• **Exercise data**:
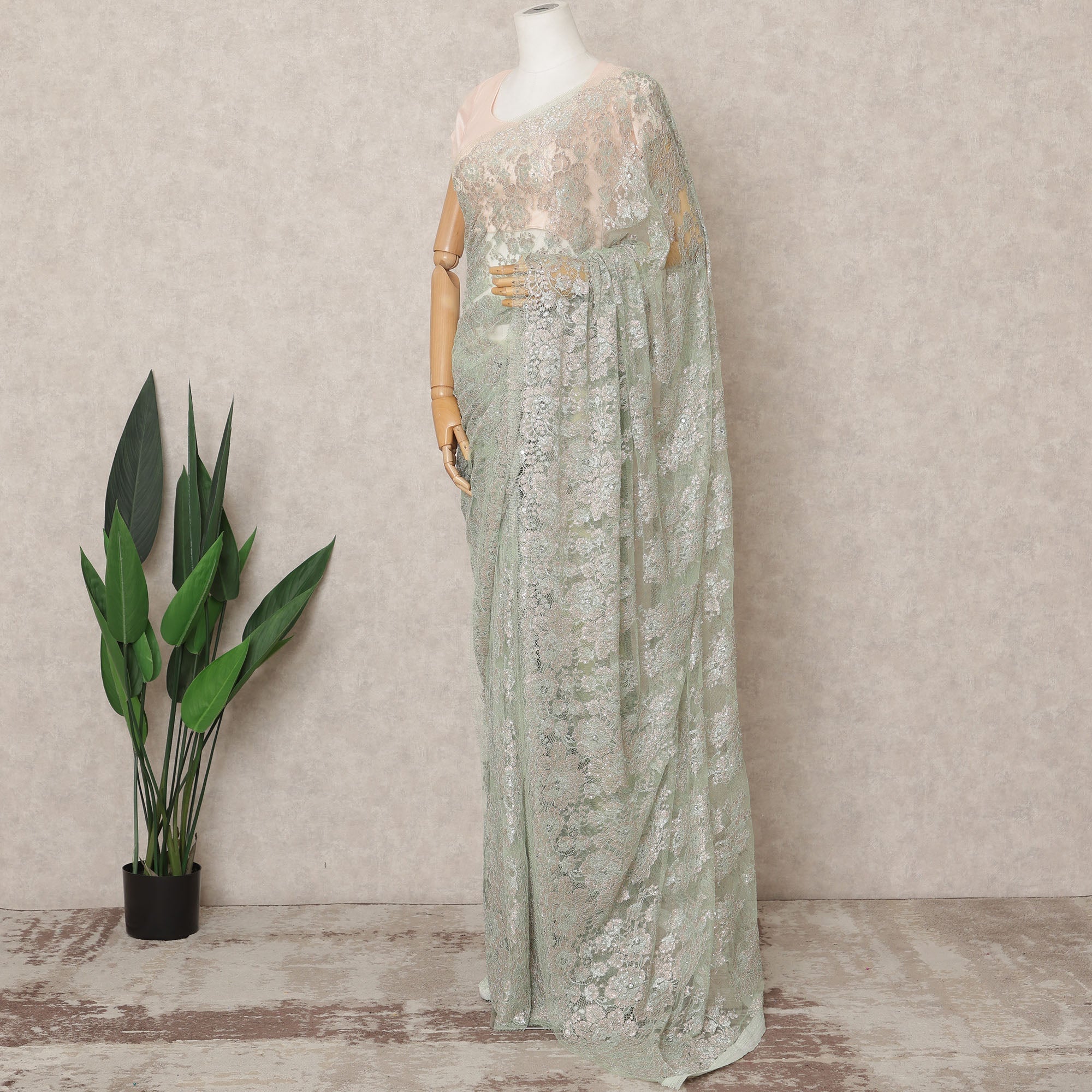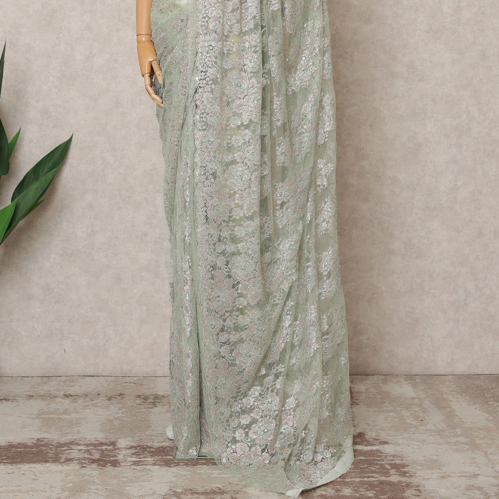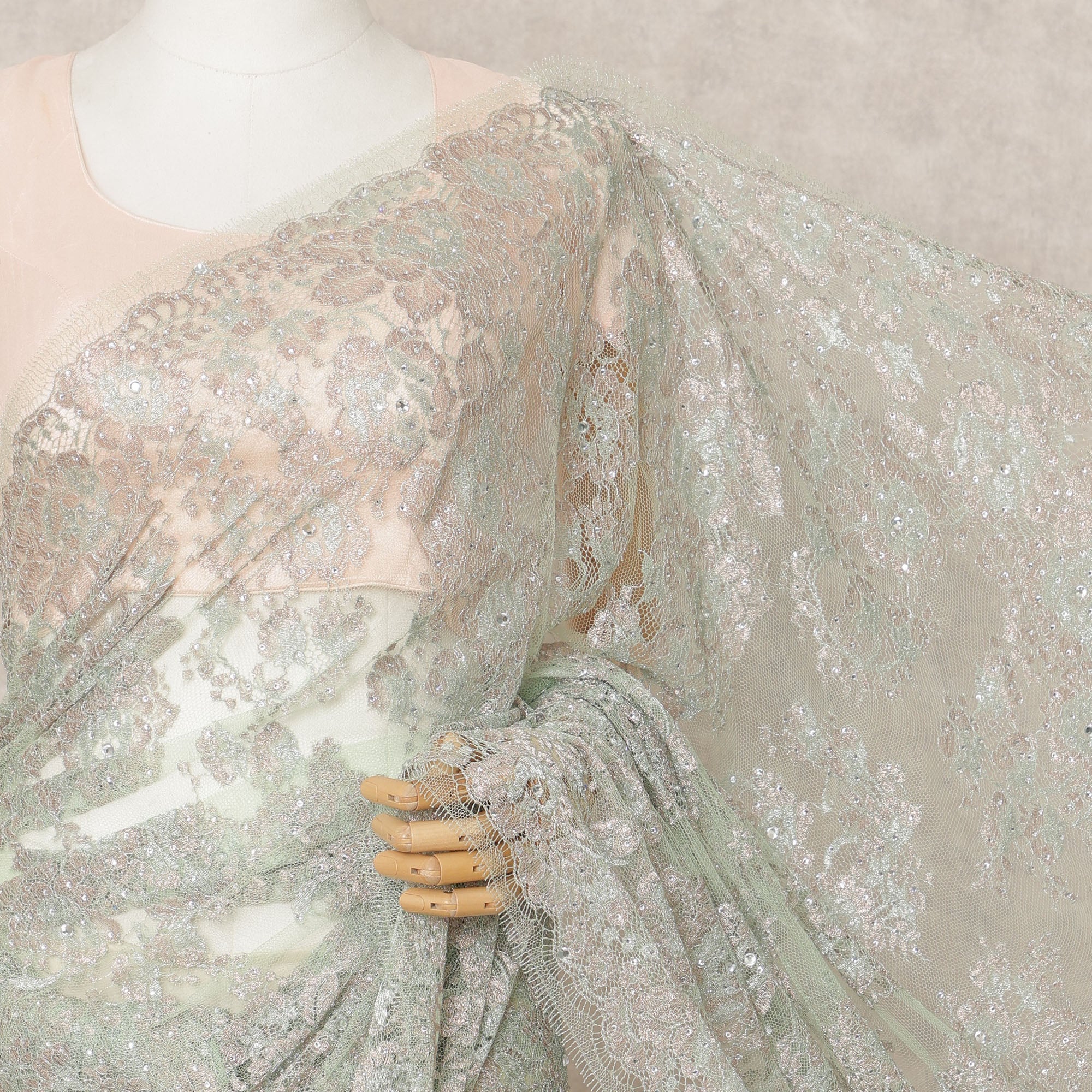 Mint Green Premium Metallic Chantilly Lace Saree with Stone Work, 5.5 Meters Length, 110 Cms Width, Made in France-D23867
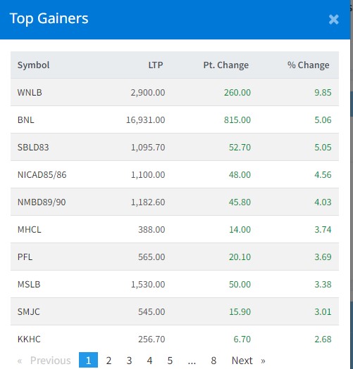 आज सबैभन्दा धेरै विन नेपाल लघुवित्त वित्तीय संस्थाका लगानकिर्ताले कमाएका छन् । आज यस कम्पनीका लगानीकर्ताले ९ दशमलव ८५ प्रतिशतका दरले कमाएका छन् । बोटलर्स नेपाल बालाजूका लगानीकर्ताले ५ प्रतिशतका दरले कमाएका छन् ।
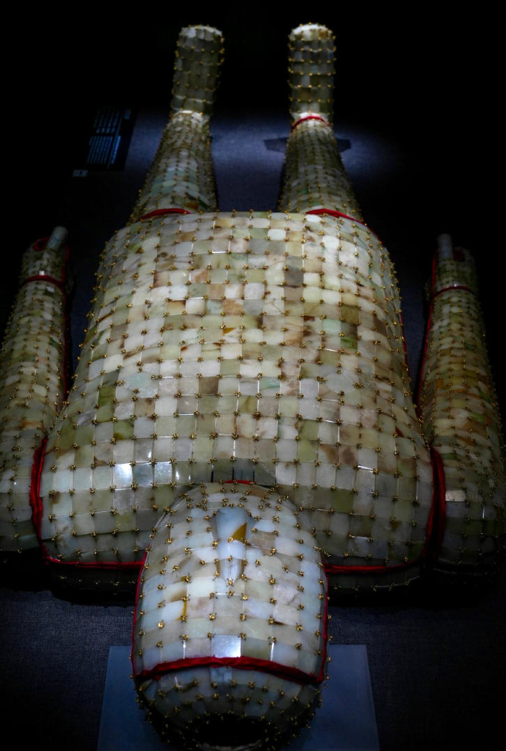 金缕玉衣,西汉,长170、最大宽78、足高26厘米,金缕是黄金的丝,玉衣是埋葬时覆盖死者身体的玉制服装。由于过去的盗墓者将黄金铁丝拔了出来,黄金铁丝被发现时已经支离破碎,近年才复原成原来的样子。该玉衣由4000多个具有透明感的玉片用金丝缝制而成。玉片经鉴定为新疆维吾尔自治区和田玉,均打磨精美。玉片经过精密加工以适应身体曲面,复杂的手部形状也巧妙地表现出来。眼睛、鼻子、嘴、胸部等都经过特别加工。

• **Task directions**: Copy the material above exactly and drop the pictures.

• **Task solution**:
 Mint Green Premium Metallic Chantilly Lace Saree with Stone Work, 5.5 Meters Length, 110 Cms Width, Made in France-D23867
 आज सबैभन्दा धेरै विन नेपाल लघुवित्त वित्तीय संस्थाका लगानकिर्ताले कमाएका छन् । आज यस कम्पनीका लगानीकर्ताले ९ दशमलव ८५ प्रतिशतका दरले कमाएका छन् । बोटलर्स नेपाल बालाजूका लगानीकर्ताले ५ प्रतिशतका दरले कमाएका छन् ।
 金缕玉衣,西汉,长170、最大宽78、足高26厘米,金缕是黄金的丝,玉衣是埋葬时覆盖死者身体的玉制服装。由于过去的盗墓者将黄金铁丝拔了出来,黄金铁丝被发现时已经支离破碎,近年才复原成原来的样子。该玉衣由4000多个具有透明感的玉片用金丝缝制而成。玉片经鉴定为新疆维吾尔自治区和田玉,均打磨精美。玉片经过精密加工以适应身体曲面,复杂的手部形状也巧妙地表现出来。眼睛、鼻子、嘴、胸部等都经过特别加工。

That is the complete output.